Judiciary Relentless With Calif. Bar Director

SACRAMENTO (CN) - Lawmakers raked California State Bar Executive Director Elizabeth Rindskopf Parker over the coals Wednesday as they debated a bill that would allow the Bar to collect dues this year.

"The level of tone deafness is stunning," Assemblyman Brian Maienschein, R-San Diego, told Rindskopf Parker.

Maienschein said he was troubled by the watered-down, eleventh-hour effort to get a bar dues bill passed, and said the State Bar is no closer to clearly defining its public protection duties than it was five years ago.

He was furious that the Bar had even considered asking to raise its dues to address its backlog of attorney discipline cases.

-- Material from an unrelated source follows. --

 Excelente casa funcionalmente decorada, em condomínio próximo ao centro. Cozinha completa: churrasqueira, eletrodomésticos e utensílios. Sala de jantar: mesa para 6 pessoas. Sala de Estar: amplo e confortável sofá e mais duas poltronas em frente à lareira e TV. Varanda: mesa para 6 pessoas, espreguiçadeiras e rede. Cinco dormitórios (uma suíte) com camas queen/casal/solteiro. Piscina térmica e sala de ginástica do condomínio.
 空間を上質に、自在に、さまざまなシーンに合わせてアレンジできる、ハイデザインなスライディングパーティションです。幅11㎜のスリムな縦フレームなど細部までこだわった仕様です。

"This is an organization that is not functioning. The level of just incompetence," Maienschein said, shaking his head. "I don't even know what to say to that. That you can even think to come here and ask for more money when every person here is saying you're not spending money well. Please do not even remotely consider coming back for a dues increase."

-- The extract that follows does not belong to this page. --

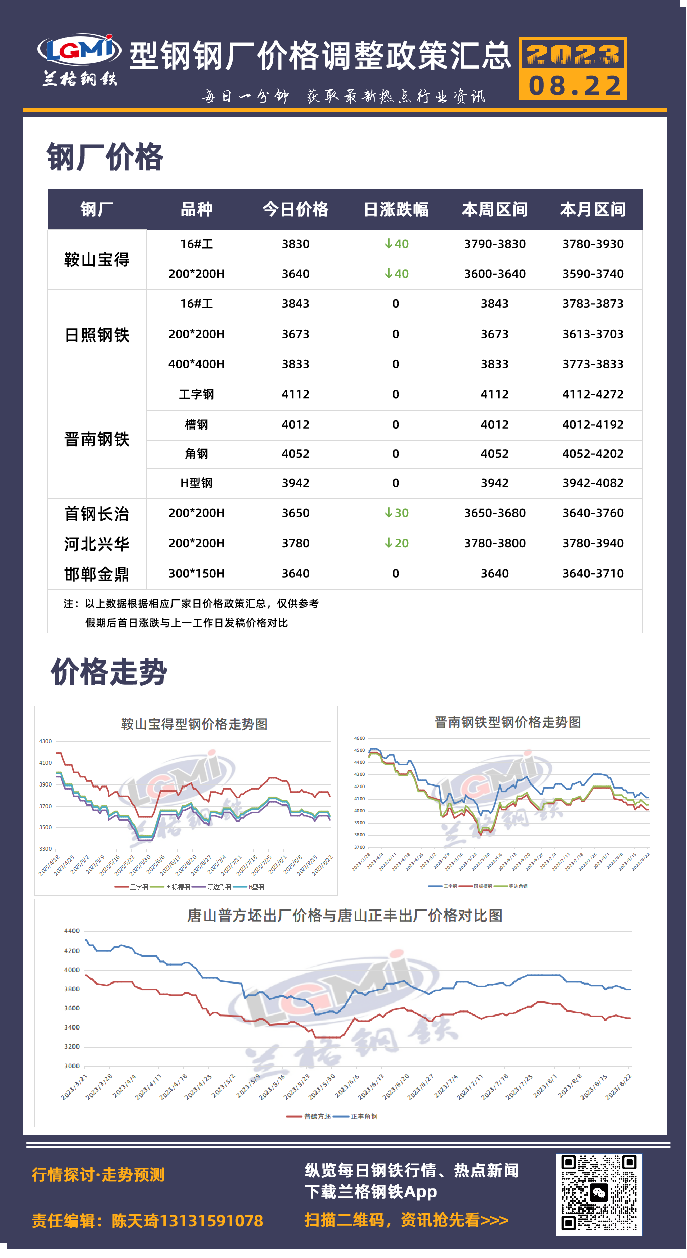 8月22日型钢钢厂价格调整政策汇总

He added: "I'm going to so reluctantly support this today. But it's the last time. This needs to change dramatically."

Assemblyman Mark Stone, D-Scotts Valley, chairman of the Assembly Judiciary Committee that met Wednesday, urged fellow lawmakers to pass the bill out of committee despite their reservations that it does not require drastic reforms of the combination trade group and regulatory body.

"We need to come up with something to send to the Senate. I'm not sure that not having a Bar bill is the right answer," Stone said. "If it doesn't meet your standards, that's on me. I'm the one that walked this back intentionally, trying to make sure we have a Bar bill."

The Assembly revolted in May over what is usually routine legislation, demanding that the State Bar be held accountable for years of misspending, inaccurately reporting its finances and failing to properly discipline delinquent attorneys, including 300 unauthorized practice of law cases reportedly found sitting in a drawer.

The Assembly made Bar dues contingent on a series of reforms, including a shakeup of its board of trustees to get a majority of non-attorney members, and a legislative commission to study the possibility of splitting up its trade association and attorney discipline functions.

Stone had pushed those reforms to stop the vicious cycle of poor decision-making and to prevent antitrust violations: a problem inherent in having a regulatory body made up of market participants.

But Chief Justice Tani Cantil-Sakauye and Senate Judiciary Chairwoman Hannah Beth Jackson, D-Santa Barbara, roundly rejected those provisions. After negotiations broke down a few weeks ago, Stone introduced a new bill, SB 846.

Authored by Sen. Joel Anderson, R-El Cajon, SB 846 dropped those two key provisions in exchange for a majority-attorney board, favored by Jackson and Cantil-Sakauye, and a clearer definition of the Bar's mission, which he believes will go a long way toward holding the Bar accountable for its actions.

"If they are not guided by a principle of what their primary policy obligations are, they are going to be making decisions without an appropriate filter," Stone said Wednesday. He added that the Legislature asked the Bar five years ago to define its primary priority as protecting the public, and that he has yet to receive anything more than a laundry list of activities encompassing pretty much everything the Bar does.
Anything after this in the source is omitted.